→ **Information given**:
Segment Open

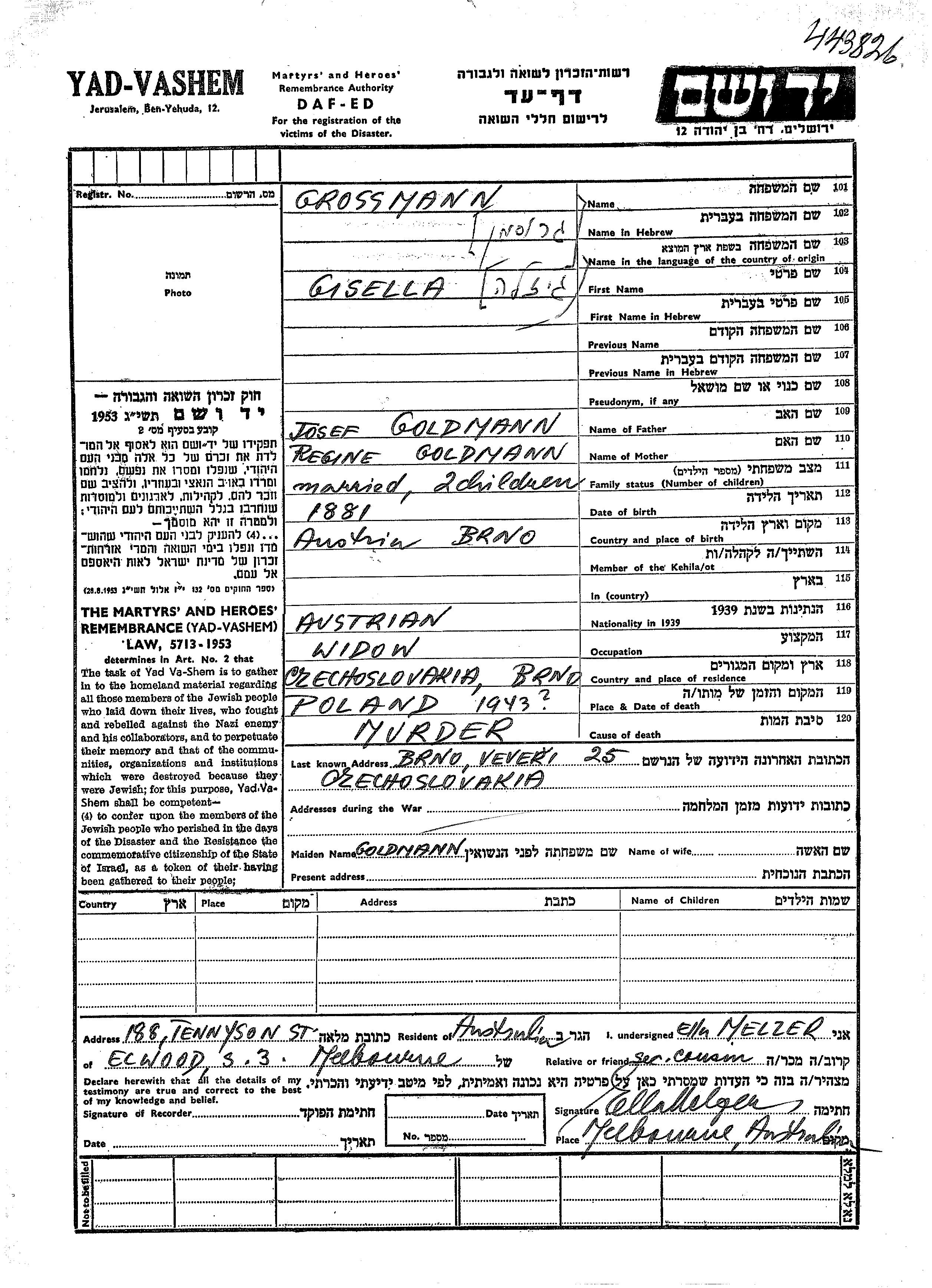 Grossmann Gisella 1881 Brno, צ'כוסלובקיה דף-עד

Segment Closed
Segment Open

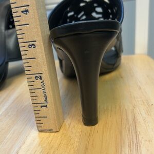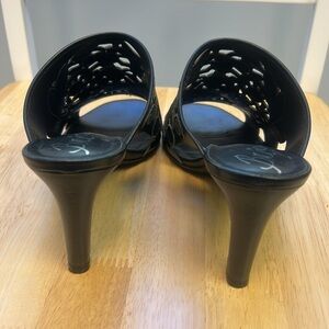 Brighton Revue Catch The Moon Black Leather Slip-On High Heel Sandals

Segment Closed
Segment Open

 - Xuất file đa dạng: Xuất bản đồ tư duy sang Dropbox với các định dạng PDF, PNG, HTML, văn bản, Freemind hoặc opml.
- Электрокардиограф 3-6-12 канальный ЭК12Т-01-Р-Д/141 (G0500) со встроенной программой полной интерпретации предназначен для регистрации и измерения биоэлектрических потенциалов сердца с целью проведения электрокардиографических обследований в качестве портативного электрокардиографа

Segment Closed

→ **Task details**:
Give again, word for word, every line of the listing above from the one with "- Xuất file" to the one with "- Электрокардиограф 3-6-12", both inclusive, and nothing beyond them.

→ **Task solution**:
 - Xuất file đa dạng: Xuất bản đồ tư duy sang Dropbox với các định dạng PDF, PNG, HTML, văn bản, Freemind hoặc opml.
- Электрокардиограф 3-6-12 канальный ЭК12Т-01-Р-Д/141 (G0500) со встроенной программой полной интерпретации предназначен для регистрации и измерения биоэлектрических потенциалов сердца с целью проведения электрокардиографических обследований в качестве портативного электрокардиографа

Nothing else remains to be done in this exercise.